В. Он был очень приветлив в обращении?

О. О да! В нем не было гордыни; он был очень свободен в общении и очень весел, и был одним из самых добродушных людей, когда-либо живших.

В. Он редко был обременен деньгами?

О. Нет; конечно, он был чертовски неплатежеспособен; но когда у него появлялись деньги, он посылал за своими кредиторами и расплачивался со всеми; он выплатил моему хозяину от двадцати до тридцати фунтов за раз.

В. Вы тогда не держали свою лавку?

О. Нет, сэр; я жил у некоего Ландера здесь в течение двадцати лет; и именно тогда, когда я был учеником и подмастерьем у него, я прислуживал мистеру Томсону.

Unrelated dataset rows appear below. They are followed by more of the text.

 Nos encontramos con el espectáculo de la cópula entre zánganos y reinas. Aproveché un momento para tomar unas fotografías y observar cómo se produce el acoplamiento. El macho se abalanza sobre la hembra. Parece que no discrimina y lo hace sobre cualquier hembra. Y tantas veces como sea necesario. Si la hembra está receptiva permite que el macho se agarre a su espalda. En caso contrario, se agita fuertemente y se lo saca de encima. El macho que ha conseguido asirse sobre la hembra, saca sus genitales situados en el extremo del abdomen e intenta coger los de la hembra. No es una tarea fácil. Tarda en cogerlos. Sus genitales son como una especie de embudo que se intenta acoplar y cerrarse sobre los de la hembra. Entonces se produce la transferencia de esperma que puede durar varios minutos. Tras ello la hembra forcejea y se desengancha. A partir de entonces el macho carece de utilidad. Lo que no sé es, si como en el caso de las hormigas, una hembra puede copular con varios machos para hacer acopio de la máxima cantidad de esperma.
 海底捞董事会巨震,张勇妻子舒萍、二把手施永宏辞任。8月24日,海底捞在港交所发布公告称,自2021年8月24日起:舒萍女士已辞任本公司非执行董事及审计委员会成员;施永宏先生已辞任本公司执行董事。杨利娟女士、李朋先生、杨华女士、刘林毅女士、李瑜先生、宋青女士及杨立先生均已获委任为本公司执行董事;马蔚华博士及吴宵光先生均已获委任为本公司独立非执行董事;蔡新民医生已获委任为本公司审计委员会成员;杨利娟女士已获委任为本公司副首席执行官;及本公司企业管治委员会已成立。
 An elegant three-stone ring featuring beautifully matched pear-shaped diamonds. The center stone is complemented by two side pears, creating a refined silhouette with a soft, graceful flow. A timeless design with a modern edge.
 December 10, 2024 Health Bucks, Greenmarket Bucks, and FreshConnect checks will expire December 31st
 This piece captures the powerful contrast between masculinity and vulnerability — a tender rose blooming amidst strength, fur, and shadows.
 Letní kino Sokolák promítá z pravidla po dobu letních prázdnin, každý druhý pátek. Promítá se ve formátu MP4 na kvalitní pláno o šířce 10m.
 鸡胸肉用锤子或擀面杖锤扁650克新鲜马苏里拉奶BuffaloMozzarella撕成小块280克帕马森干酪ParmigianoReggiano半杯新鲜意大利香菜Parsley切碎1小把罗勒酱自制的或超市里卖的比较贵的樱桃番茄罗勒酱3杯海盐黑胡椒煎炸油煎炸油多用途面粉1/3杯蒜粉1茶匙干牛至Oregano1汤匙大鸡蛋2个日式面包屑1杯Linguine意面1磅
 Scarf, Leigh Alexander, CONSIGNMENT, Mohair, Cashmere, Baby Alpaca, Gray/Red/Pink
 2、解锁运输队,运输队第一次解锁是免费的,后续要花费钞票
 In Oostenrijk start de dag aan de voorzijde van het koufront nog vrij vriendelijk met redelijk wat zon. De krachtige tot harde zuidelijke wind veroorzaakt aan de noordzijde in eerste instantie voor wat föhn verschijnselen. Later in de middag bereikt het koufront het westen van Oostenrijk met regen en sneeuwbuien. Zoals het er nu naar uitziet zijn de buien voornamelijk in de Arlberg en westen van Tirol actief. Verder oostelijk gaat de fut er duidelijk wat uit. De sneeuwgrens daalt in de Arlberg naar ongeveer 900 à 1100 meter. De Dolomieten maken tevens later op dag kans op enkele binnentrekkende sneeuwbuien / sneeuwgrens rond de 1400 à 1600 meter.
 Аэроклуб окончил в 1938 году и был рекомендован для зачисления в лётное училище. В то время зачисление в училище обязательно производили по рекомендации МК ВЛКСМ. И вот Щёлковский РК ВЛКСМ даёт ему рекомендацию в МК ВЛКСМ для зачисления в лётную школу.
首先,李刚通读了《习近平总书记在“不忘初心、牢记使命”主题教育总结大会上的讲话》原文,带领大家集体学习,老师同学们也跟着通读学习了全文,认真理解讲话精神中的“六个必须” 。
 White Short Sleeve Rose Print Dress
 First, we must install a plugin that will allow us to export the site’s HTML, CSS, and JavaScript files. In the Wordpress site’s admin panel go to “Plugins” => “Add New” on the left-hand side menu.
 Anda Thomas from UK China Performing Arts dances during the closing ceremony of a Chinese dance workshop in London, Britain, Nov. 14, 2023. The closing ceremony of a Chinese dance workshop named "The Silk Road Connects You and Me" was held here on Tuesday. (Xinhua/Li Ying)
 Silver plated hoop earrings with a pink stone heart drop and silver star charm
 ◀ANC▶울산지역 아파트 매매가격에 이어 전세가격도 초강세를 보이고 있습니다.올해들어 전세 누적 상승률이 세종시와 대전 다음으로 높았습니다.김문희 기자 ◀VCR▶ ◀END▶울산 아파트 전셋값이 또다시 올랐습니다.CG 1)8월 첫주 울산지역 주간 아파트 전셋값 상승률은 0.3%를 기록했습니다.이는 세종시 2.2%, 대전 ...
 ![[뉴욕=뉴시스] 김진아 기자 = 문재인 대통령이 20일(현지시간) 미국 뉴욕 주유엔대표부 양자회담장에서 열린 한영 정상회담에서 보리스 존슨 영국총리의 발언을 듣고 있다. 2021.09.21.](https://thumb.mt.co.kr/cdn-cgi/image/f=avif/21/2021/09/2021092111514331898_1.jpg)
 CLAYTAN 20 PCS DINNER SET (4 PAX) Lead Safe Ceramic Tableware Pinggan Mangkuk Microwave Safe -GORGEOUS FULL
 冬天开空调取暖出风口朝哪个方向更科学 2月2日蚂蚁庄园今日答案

Ландер делал его парики «мажор» и «боб», а некий Тейлор с Крейвен-стрит в Стрэнде делал его парики с косичкой. Он был отличным клиентом для обоих.

В. Вы обслуживали кого-нибудь из его посетителей?

О. Да; Куина и Литтлтона, сэра Джорджа, кажется, его так называли. Он был таким неженкой, помню, и таким чертовски трудным в бритье, что никто из парней в лавке не осмеливался взяться за него, кроме меня. Я часто держал Куина за нос, что требовало некоторой смелости, скажу я вам. Однажды он специально спросил, в хорошем ли состоянии бритва; и заявил, что у него в гостиной дома столько ушей цирюльников, сколько у любого мальчишки птичьих яиц на нитке; и поклялся, что если я не побрею его гладко, он добавит мое к этому числу. «Ах, — сказал Томсон, — Вулл бреет очень хорошо, уверяю вас».

В. Вы видели «Времена года», я полагаю?

О. Да, сэр; и однажды знал большую их часть наизусть. (Здесь он процитировал отрывок из «Весны».) Шеперд, который раньше держал гостиницу «Замок», показал мне книгу, написанную Томсоном, которая была о восстании 1745 года и положена на музыку, но, кажется, он сказал мне, что она не была опубликована. (Я упомянул об этом мистеру Робертсону, но он подумал, что Тейлор допустил небольшую ошибку; возможно, это были какие-то патриотические песни из маски «Альфред».)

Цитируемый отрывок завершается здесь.